The pandas 3.0 Solution: pd.col

pandas 3.0 introduces pd.col, which lets you reference columns without lambda functions. The syntax is borrowed from PySpark and Polars.

Here’s the temp_f conversion rewritten with pd.col:

df = pd.DataFrame({"temp_c": [0, 20, 30, 100]})
df = df.assign(temp_f=pd.col('temp_c') * 9/5 + 32)
df

	temp_c	temp_f
0	0	32.0
1	20	68.0
2	30	86.0
3	100	212.0

Unlike square-bracket notation, pd.col supports method-chaining. Unlike lambdas, it doesn’t capture variables by reference, so you avoid the scoping bugs shown earlier.

Remember the lambda scoping bug? With pd.col, each multiplier is captured correctly:

df = pd.DataFrame({"x": [1, 2, 3]})
results = {}
for factor in [10, 20, 30]:
    results[f'x_times_{factor}'] = pd.col('x') * factor

df = df.assign(**results)
df

	x	x_times_10	x_times_20	x_times_30
0	1	10	20	30
1	2	20	40	60
2	3	30	60	90

Filtering with Expressions

Traditional filtering repeats df twice:

df = pd.DataFrame({"temp_c": [-10, 0, 15, 25, 30]})
df = df.loc[df['temp_c'] >= 0]  # df appears twice
df

	temp_c
1	0
2	15
3	25
4	30

With pd.col, you reference the column directly:

df = pd.DataFrame({"temp_c": [-10, 0, 15, 25, 30]})
df = df.loc[pd.col('temp_c') >= 0]  # cleaner
df

	temp_c
1	0
2	15
3	25
4	30

Combining Multiple Columns

With lambdas, you need to repeat lambda x: x[...] for every column:

df = pd.DataFrame({
    "price": [100, 200, 150],
    "quantity": [2, 3, 4]
})

df = df.assign(
    total=lambda x: x["price"] * x["quantity"],
    discounted=lambda x: x["price"] * x["quantity"] * 0.9
)
df

	price	quantity	total	discounted
0	100	2	200	180.0
1	200	3	600	540.0
2	150	4	600	540.0

With pd.col, the same logic is more readable:

df = pd.DataFrame({
    "price": [100, 200, 150],
    "quantity": [2, 3, 4]
})

df = df.assign(
    total=pd.col("price") * pd.col("quantity"),
    discounted=pd.col("price") * pd.col("quantity") * 0.9
)
df

	price	quantity	total	discounted
0	100	2	200	180.0
1	200	3	600	540.0
2	150	4	600	540.0

Note that, unlike Polars and PySpark, pd.col cannot yet be used in groupby operations:

# This works in Polars: df.group_by("category").agg(pl.col("value").mean())
# But this doesn't work in pandas 3.0:
df.groupby("category").agg(pd.col("value").mean())  # Not supported yet

This limitation may be removed in future versions.

Copy-on-Write Is Now the Default

If you’ve used pandas, you’ve probably seen the SettingWithCopyWarning at some point.
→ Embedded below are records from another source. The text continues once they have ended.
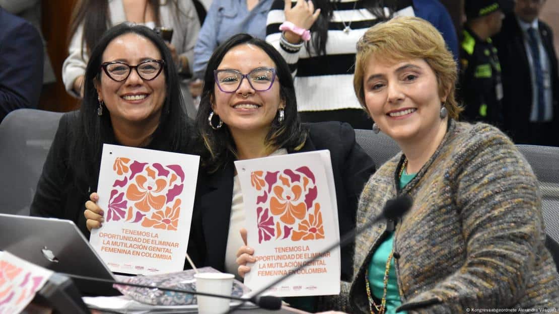 Het is belangrijk om op te merken dat, ondanks Colombia’s wetgevingsinitiatief ter zake, de kwestie veel complexer is, aangezien inheemse gemeenschappen hun eigen jurisdictie binnen hun grondgebied hebben. (Foto: Congreslid Alexandra Vásquez (links) en Jennifer Perdaza (midden) werkten beiden aan wetsvoorstel dat einde moet maken aan vrouwelijke genitale verminking. Foto: Congreslid Alexandra Vásquez)
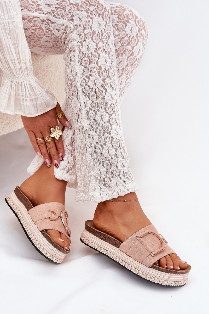 Dámské sandály na platformě s ozdobou růžové Daphira
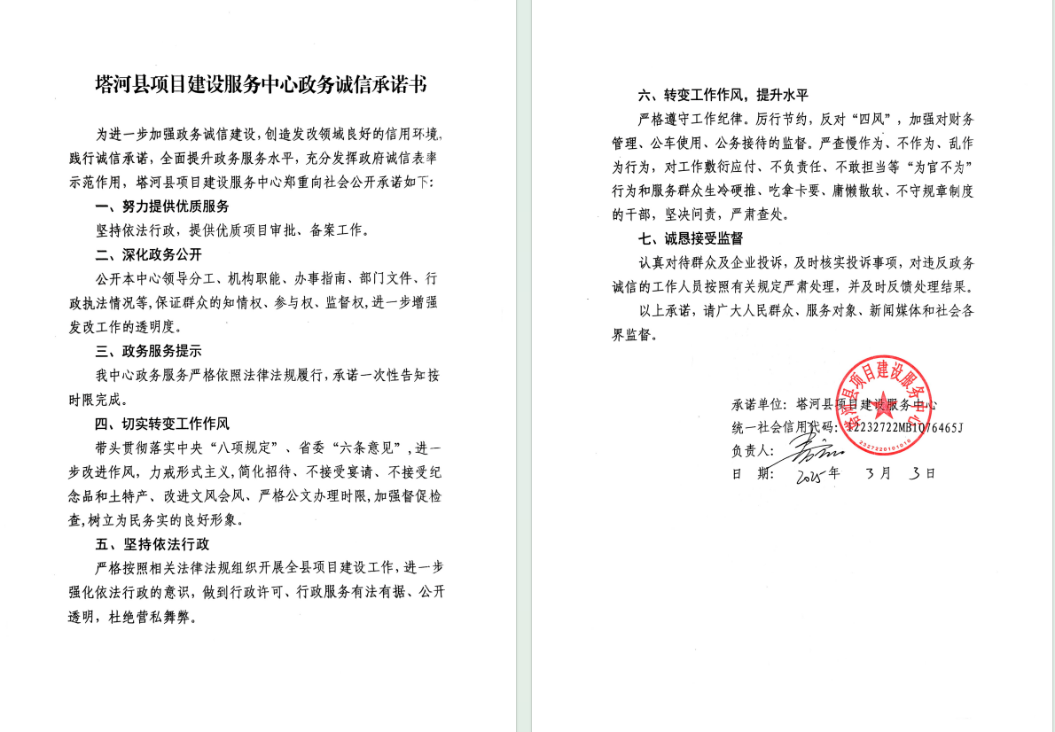 2025年塔河县项目建设服务中心政务诚信承诺书
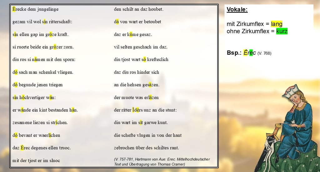 Zuerst einmal wären da die Vokale: Sofern diese kein Zirkumflex tragen – damit ist dieses kleine Dach hier gemeint – werden alle Vokale kurz ausgesprochen. Das kannst du zum Beispiel im Namen unseres Ritters „Êrec“ (V. 768) beobachten. Hier wird ein „E“ lang und ein „e“ kurz betont.

It appears when pandas can’t tell if you’re modifying a view or a copy of your data:

# This pattern caused confusion in pandas < 3.0
df2 = df[df["value"] > 10]
df2["status"] = "high"  # SettingWithCopyWarning!
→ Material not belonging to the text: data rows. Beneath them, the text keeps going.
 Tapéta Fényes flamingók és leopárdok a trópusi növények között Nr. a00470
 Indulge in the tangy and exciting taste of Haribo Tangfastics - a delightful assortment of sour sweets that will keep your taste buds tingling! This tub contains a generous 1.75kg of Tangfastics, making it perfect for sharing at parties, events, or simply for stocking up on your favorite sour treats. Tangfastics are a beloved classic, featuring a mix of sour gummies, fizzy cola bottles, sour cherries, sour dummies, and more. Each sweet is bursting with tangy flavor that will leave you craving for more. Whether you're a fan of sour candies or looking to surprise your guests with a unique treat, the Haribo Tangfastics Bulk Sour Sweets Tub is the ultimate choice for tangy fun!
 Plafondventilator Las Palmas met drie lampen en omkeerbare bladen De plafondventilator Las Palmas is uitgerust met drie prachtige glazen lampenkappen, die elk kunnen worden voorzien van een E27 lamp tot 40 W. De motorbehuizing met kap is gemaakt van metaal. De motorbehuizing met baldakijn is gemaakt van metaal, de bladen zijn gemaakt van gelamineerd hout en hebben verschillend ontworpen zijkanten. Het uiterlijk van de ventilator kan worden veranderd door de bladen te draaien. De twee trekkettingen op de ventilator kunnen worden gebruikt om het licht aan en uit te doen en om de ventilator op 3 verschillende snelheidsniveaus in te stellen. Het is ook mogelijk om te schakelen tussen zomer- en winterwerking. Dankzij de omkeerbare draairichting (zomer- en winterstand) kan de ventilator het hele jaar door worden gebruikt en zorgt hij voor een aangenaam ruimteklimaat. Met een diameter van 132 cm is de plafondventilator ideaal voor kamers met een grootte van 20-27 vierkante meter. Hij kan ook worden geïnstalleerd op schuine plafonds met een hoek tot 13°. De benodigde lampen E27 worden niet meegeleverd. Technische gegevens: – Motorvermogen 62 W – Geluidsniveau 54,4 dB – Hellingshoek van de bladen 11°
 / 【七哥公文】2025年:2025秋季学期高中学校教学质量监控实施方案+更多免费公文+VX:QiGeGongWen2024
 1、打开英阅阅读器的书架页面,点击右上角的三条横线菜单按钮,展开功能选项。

Did this modify df or just df2? The answer depends on whether df2 is a view or a copy, and pandas can’t always predict which one it created. That’s what the warning is telling you.

pandas 3.0 makes the answer simple: filtering with df[...] always returns a copy. Modifying df2 never affects df.

This is called Copy-on-Write (CoW). If you just read df2, pandas shares memory with df. Only when you change df2 does pandas create a separate copy.

Now when you filter and modify, there’s no warning and no uncertainty:

df = pd.DataFrame({"value": [5, 15, 25], "status": ["low", "low", "low"]})

# pandas 3.0: just works, no warning
df2 = df[df["value"] > 10]
df2["status"] = "high"  # Modifies df2 only, not df

df2

	value	status
1	15	high
2	25	high

df

	value	status
0	5	low
1	15	low
2	25	low

We can see that df is unchanged and no warning was raised.

Breaking Change: Chained Assignment

One pattern that breaks is chained assignment. With CoW, df["foo"] is a copy, so assigning to it only modifies the copy and doesn’t modify the original:

# This NO LONGER modifies df in pandas 3.0:
df = pd.DataFrame({"foo": [1, 2, 3], "bar": [4, 6, 8]})

df["foo"][df["bar"] > 5] = 100
df

	foo	bar
0	1	4
1	2	6
2	3	8

Notice foo still contains [1, 2, 3]. This is because the value 100 was assigned to a copy that was immediately discarded.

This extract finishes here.